Unfortunately, KRAS is not yet an “actionable” target. A number of ongoing trials are looking at MAPK/ERK kinase (MEK) inhibitors and various other agents, and we're hopeful these agents may actually yield activity in patients with KRAS mutations. But by and large, it seems to be a marker of poor prognosis. People with KRAS mutations seem to do worse no matter what treatment they receive.
Finally, there are a number of other markers specific for response to cytotoxic agents. High levels of excision repair cross-complementation group 1 protein (ERCC1) are associated with platinum resistance, and high levels of ribonucleotide reductase M subunit 1 (RRM1) are associated with gemcitabine resistance.16,17 High levels of thymidylate synthetase (TS) are associated with pemetrexed resistance.18 We have no prospective phase 3 data in advanced NSCLC that have validated these markers. There are ongoing trials, including the phase 3 MADeIT study led by Drs. George Simon and Gerald Bepler that will ultimately determine whether these markers are worth obtaining, but for now, I do not advise routinely obtaining these markers.19
In the adjuvant setting, the role of molecular testing is still experimental. The RADIANT trial, which just finished accrual, will offer some insight in this setting.20 Eligibility was based on EGFR positivity by either immunohistochemistry (IHC) or fluorescent in situ hybridization (FISH), but EGFR mutation was not required. Patients were then randomized to either erlotinib or placebo.

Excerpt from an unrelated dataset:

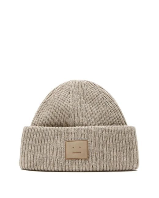 Ribbed Face-Patch Beanie Hat - Natural
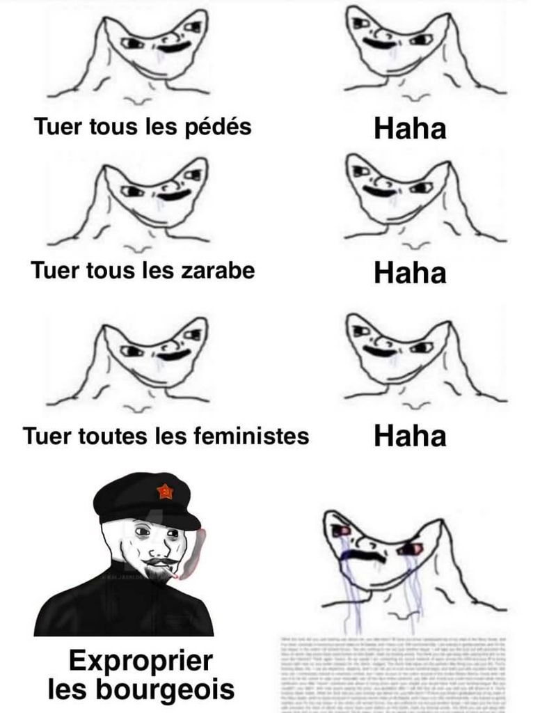 celui que tu viens de poster par exemple, j'ai du mal a le superposer à la réalité car la réalité c'est que c'est souvent les prolos qui vont voté RN, du coup le fait qu'on exproprirais les bourgeois ca ne les toucherais pas plus que ça.

Ongoing trials are looking at adjuvant erlotinib in EGFR-positive patients with NSCLC. Probably the most important is an ongoing trial in Europe called TASTE.21 This trial is the only prospective phase 3 assessment of the EGFR mutation in the adjuvant setting. The premise of the study is that patients receiving customized therapy, based on their baseline tumor ERCC1 levels and EGFR mutation status, will achieve better disease-free survival rates than patients in the control arm receiving noncustomized therapy. The study will randomize patients with stage II and IIIA, non-squamous NSCLC to receive either standard therapy or molecularly determined therapy. The control arm will consist of cisplatin plus pemetrexed. In the genotypic arm, patients with low ERCC1 levels will also receive cisplatin and pemetrexed. Those with EGFR mutations will receive erlotinib. If they are EGFR-wild type with high levels of ERCC1, they will be observed. I strongly believe this is an exceedingly important trial, but we won't know the value of this approach in the adjuvant setting until the trial is done.